Conclusion de la deuxième partie
- Publication type: Book chapter
- Book: Sur les francophonies et leurs littératures. Approches interculturelles
- Pages: 151 to 153
- Collection: Francophone Library, n° 13
Conclusion
de la deuxième partie
Comment une littérature dominante fondée sur une langue d’empire se constitue-t-elle ? Voilà la question qui se pose en filigrane depuis le début de notre étude. S’y ajoute une autre question portant sur les forces de résistance d’une telle littérature pendant les périodes de crise, car dans l’Histoire de France, les défaites capables de provoquer des évolutions peu propices à la culture rayonnant à partir de Versailles ou de Paris ne manquent pas. Encore de nos jours, les médias soulignent le danger émanant de l’américanisme anglophonisant et des étapes par lesquelles le français peut être réduit au statut d’une langue sur la défensive.
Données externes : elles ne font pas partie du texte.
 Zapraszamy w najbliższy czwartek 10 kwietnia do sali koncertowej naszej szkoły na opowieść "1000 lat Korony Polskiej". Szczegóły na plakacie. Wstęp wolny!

L’exemple du Québec et des autres francophonies du Canada en dit long.
Nous constatons d’emblée qu’une littérature peut fonctionner comme une arme avec l’aide du hasard et l’engagement d’une majorité réunie autour d’un pouvoir. C’est à Norbert Elias que revient le mérite d’avoir compris et expliqué les mécanismes de la prise de pouvoir par un ensemble d’individus à l’intérieur d’une société humaine cherchant à se démarquer d’un univers extérieur considéré comme différent sinon hostile. Son analyse sociologique du processus de civilisation fait de la France un cas particulier caractérisé par une centralisation au sein d’unités sociales dispersées, concentration d’abord limitée à une multitude de petites unités seigneuriales, par la suite entraînée vers un grand mouvement de convergence aux conséquences relativement durables.
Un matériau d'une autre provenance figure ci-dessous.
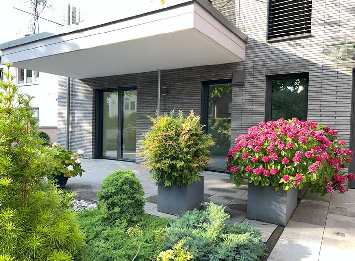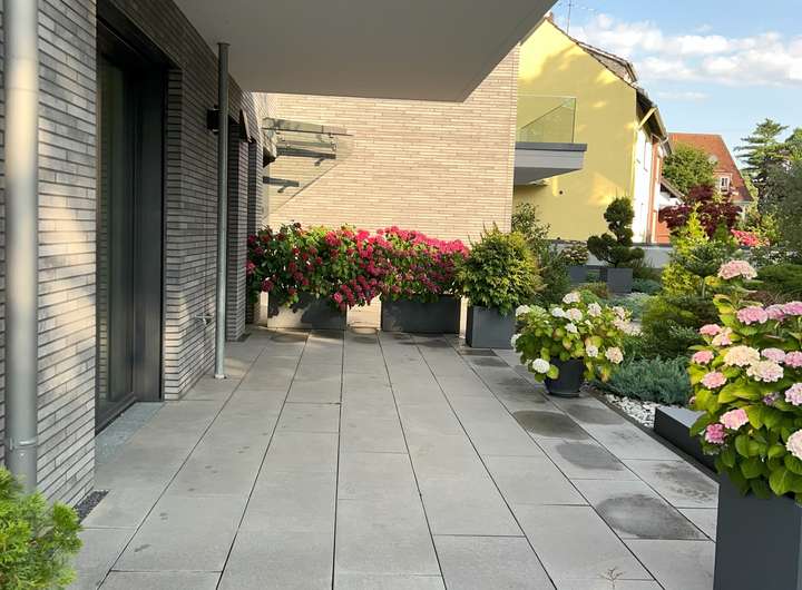 Die Wohnung verfügt über 2 große Terrassen : nach vorne und nach hinten raus. Im hinteren Bereich lädt sie ein in den wunderschönen weitläufigen Grünbereich zu blicken.

La conception proposée par Norbert Elias se complique, semble-t-il, par la présence d’un aspect « anamorphique » dans la biographie du savant1. La tête de mort menaçant l’univers opulent des ambassadeurs, dans le tableau de Holbein, rayonne d’une intensité métaphorique qui 152fonctionne apparemment aussi dans le cas du jeune Elias, auquel la guerre et les nazis ont imposé, selon notre hypothèse de travail, le changement de position voulu par le fameux tableau. L’émigré a essayé de vaincre le crâne-monstre en étudiant de près cet essor de la civilisation dont l’Histoire de France présente un modèle inégalable quant à son ampleur et l’évidence de ses structurations. Peu à peu, pourtant, l’historien génial a dû être assailli par des doutes quant à la faculté de ses conceptions à limiter ou abolir les guerres. À cet égard, les conclusions de son discours de 1985 sur la condition humaine paraissent plutôt refléter un désarroi (Cf. Elias, 1985).
Les exemples choisis dans l’histoire de la littérature française pour illustrer le processus de civilisation analysé par Elias signalent tout d’abord la manière dont le centre s’applique à intégrer les altérités surgissant dans sa sphère d’influence. La figure du héros gascon, d’Alexandre Dumas à Edmond Rostand, en passant par le Tartarin de Daudet, suit les péripéties d’un processus visant à l’assimilation culturelle qui se prolongera dans le contexte d’une colonisation pourvoyant la littérature française d’une imagerie de pays exotiques.
Dans les analyses suivantes, nous avons confronté la culture de l’honnête homme du xviiie siècle, telle qu’elle se manifeste dans le comportement d’un baron cultivé, avec la protestation discrètement anticonformiste de Jean-Jacques Rousseau et la position d’un paysan occitanophone totalement incompatible avec « la civilisation ». Ainsi, nous découvrons toute la complexité de l’époque des Lumières où la marche triomphale du système culturel prédominant se poursuit impitoyablement, tout en rencontrant parfois les résistances d’un peuple.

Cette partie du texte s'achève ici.